If you ever wanted to use Face Detection and/or Verification in your applications, so the Face API is for you. With it, you will be able to check the probability that two faces belong to the same person, detect faces on the image with some descriptions of their owners’ appearance or detect such emotions as anger, contempt, disgust, fear, happiness, neutral, sadness, and surprise.

Azure Video Indexer is a cloud application built on Azure Media Analytics, Azure Search and several Cognitive Services such as the Face API, Microsoft Translator, the Computer Vision API, and Custom Speech Service. It contains a lot of functionality and to employ it, you do not need to be a developer, you can use the Video Indexer web portal to use up the service without writing a single line of code. For now, it can convert speech to text in 10 languages, give you some statistics for speakers speech ratios, identify sentiments and emotions like joy, sadness, anger, or fear, moderate content by detecting adult and/or racy visuals, identify audio effects like silence, hand claps and so on. You also can use this API to trigger workflows or automate tasks by detecting some phrases or visual effects.

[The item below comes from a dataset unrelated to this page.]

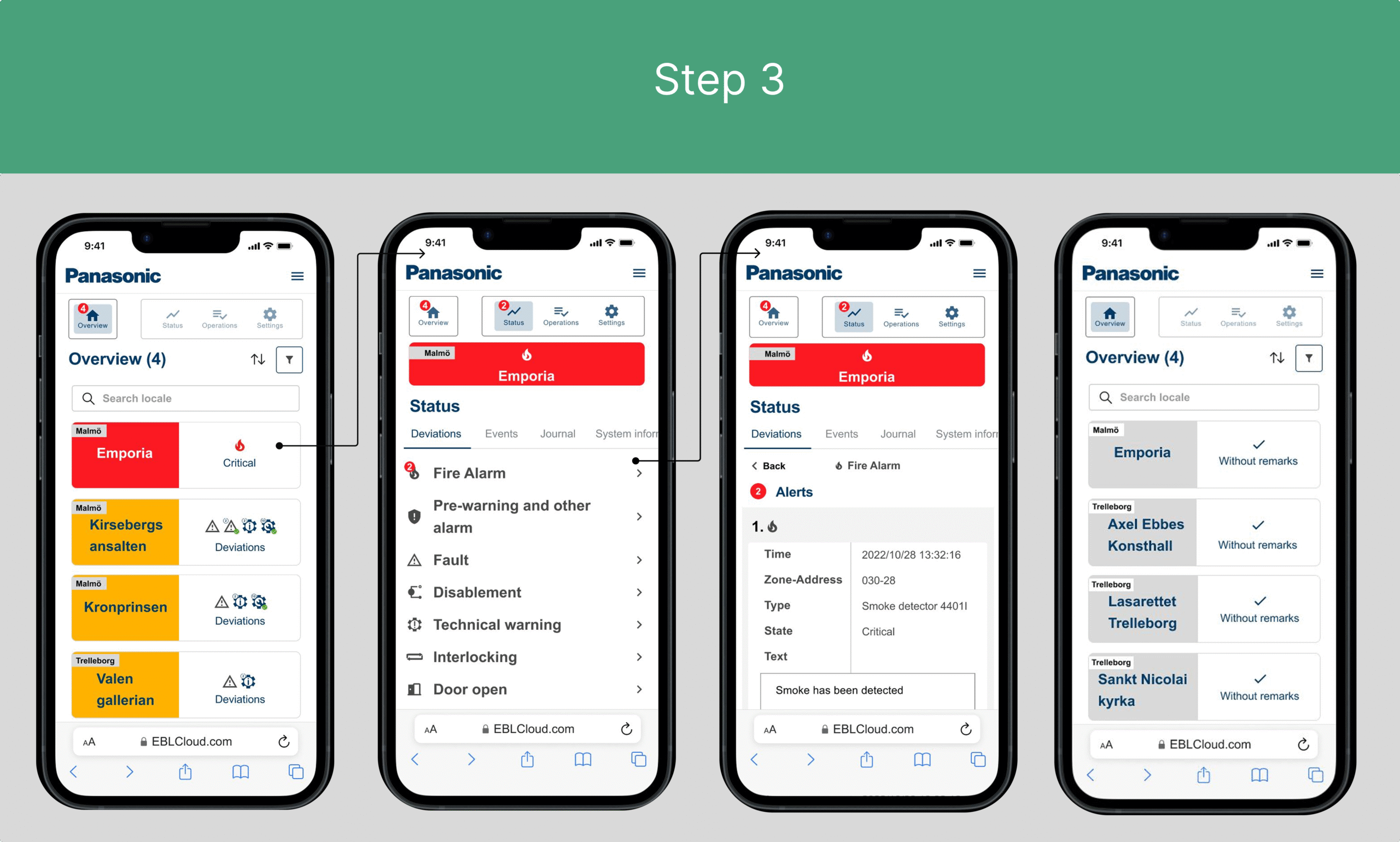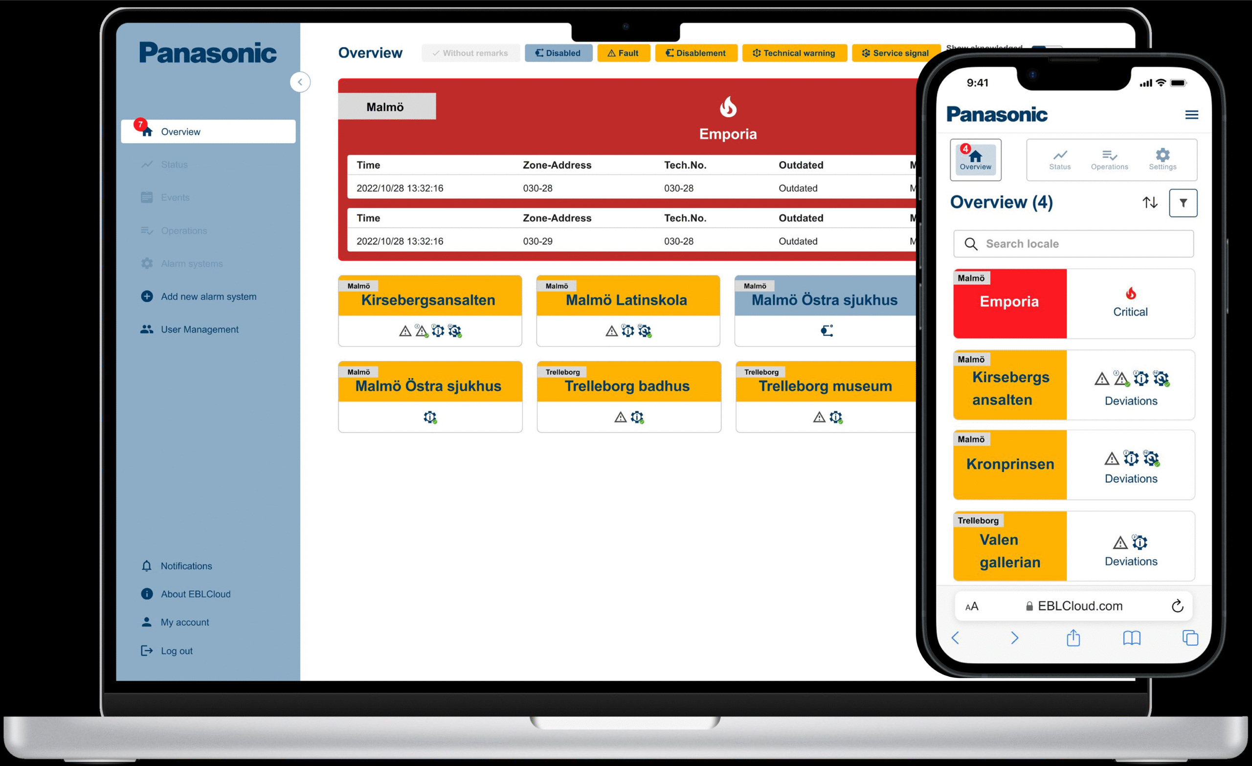 Panasonic Fire & Security has a cloud based system for detecting deviations through their on-site fire alarms. A B2B strategy with both hardware and software.

The Azure Content Moderator API is a cognitive service that provides potential to check texts, images, and videos content for discovering unwanted content. In case, if such material is found, the content is marked with labels, which your application then should handle. Except machine detecting, you also can choose a hybrid content moderation process called “Human review tool” in the event that the prediction should be tempered with a real-world context.

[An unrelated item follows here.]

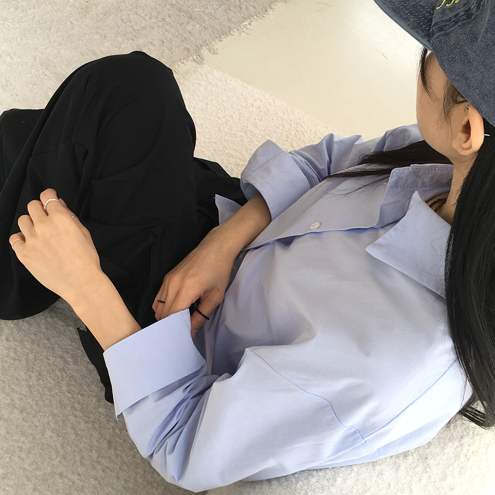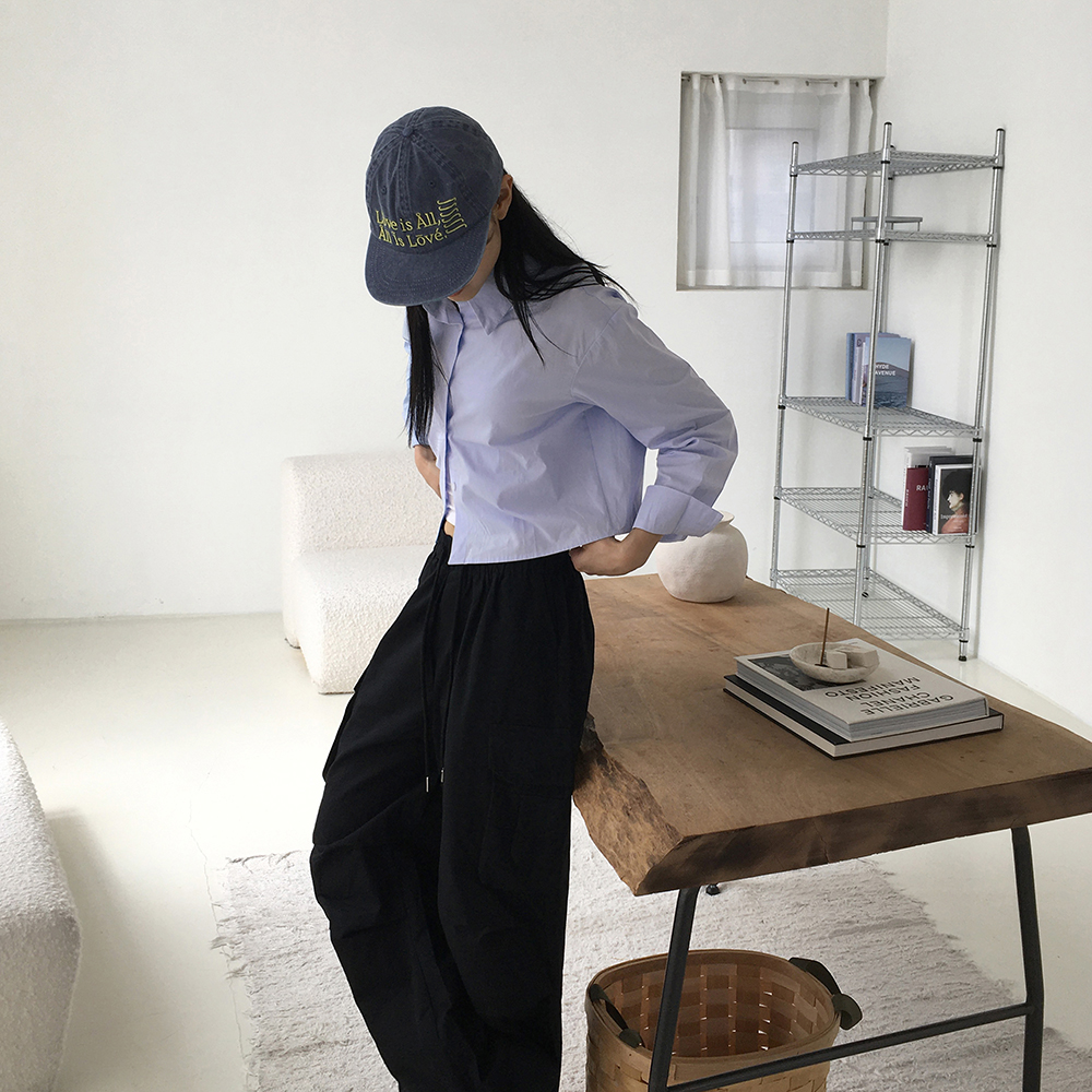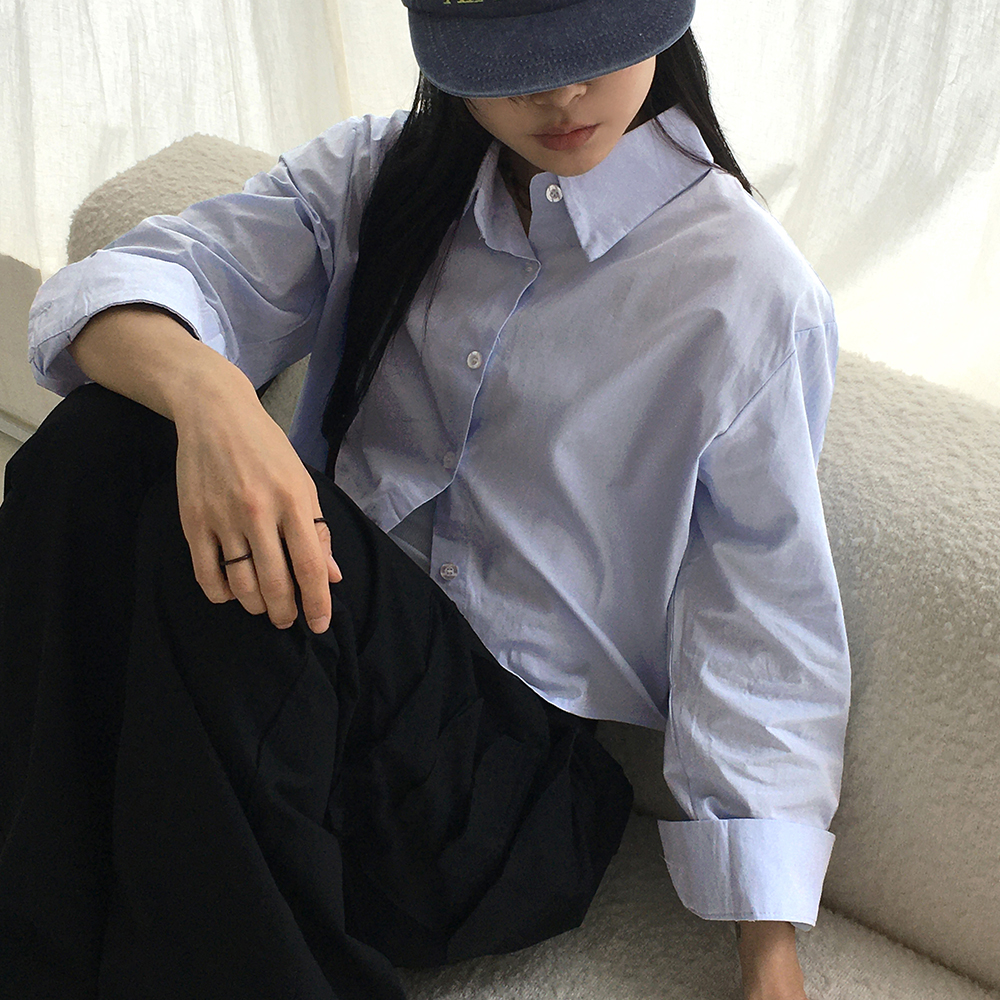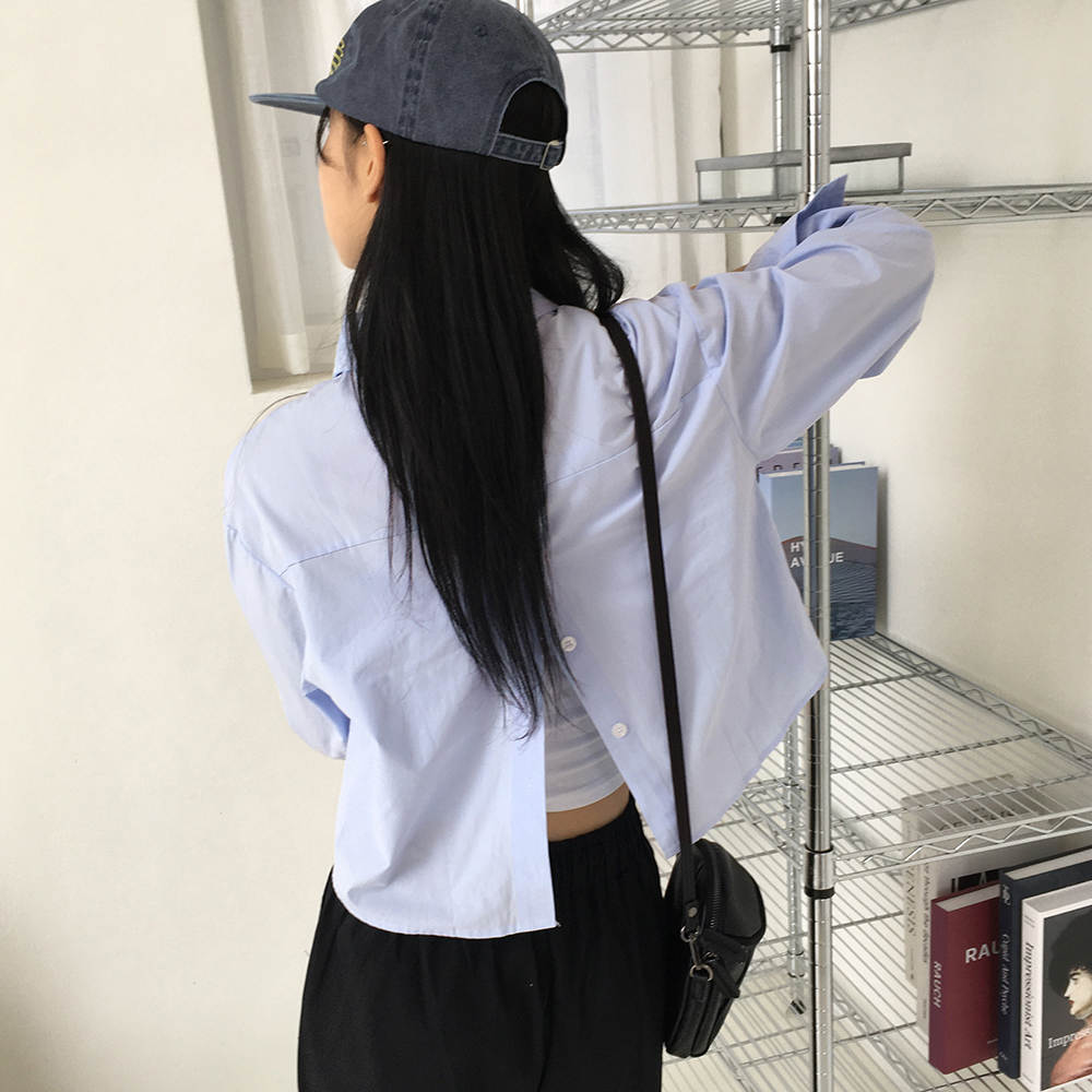 バックスリットボタンクロップド長袖シャツ

The last one of them is Custom Vision (please note that at the moment of writing, this feature is in preview mode). The Azure Custom Vision API is a little bit more complicated than Computer Vision, and allows you to create your own classifications. This means that you will need to train the algorithm on your set of images with their correct tags. While training, the algorithm calculates its own accuracy by testing itself on that same data. After that, you can test, retrain, and finally use it to classify new images according to the needs of your app, or you can export the model for offline use. This training you can conduct either through a web-based interface or using a set of SDKs.

The second category we are going to talk about is Speech, which provides such popular features as speech-to-text (also called speech recognition or transcription), text-to-speech (speech synthesis), and speech translation. You can use speech transcription for converting spoken audio to text either from the recorded files or in real-time. The service can return you intermediate results of the words that have been recognized and automatically detect the end of the speech. The speech recognition enables you to build voice-triggered smart apps, as well as provides the personality verification or speaker identification.

The text-to-speech API endows with functionality to translate your text back to the audio nearly indistinguishable as if it was a real human. It supports more than 75 voices in more than 45 languages and locales.

The Speech Service API allows you to add a translation of speech to your applications for both speech-to-speech and speech-to-text translation. As it is mentioned in Microsoft documentation, the Speech Translation API uses the same technologies that power various Microsoft products and services. This service is already being used by thousands of businesses worldwide in their applications and workflows.

Language

Language consists of such APIs as Text Analytics, Translator Text, Bing Spell Check, Content Moderator (which is also a part of “Vision”), and Language Understanding.

With Text Analytics API you can analyze your text to identify the language, sentiment, key phrases, and entities of it. Translator API is a neural machine translation service that provides you with the ability of text-to-text language translation in more than 60 languages.

Need some spell check in your application with taking into account a context? Then, you will be glad to hear that Bing Spell Search API empowers you with such option, including using specific corrections for documents (adds capitalization, basic punctuation, etc. for document creation) and web search (is more “aggressive” in order to return better search results).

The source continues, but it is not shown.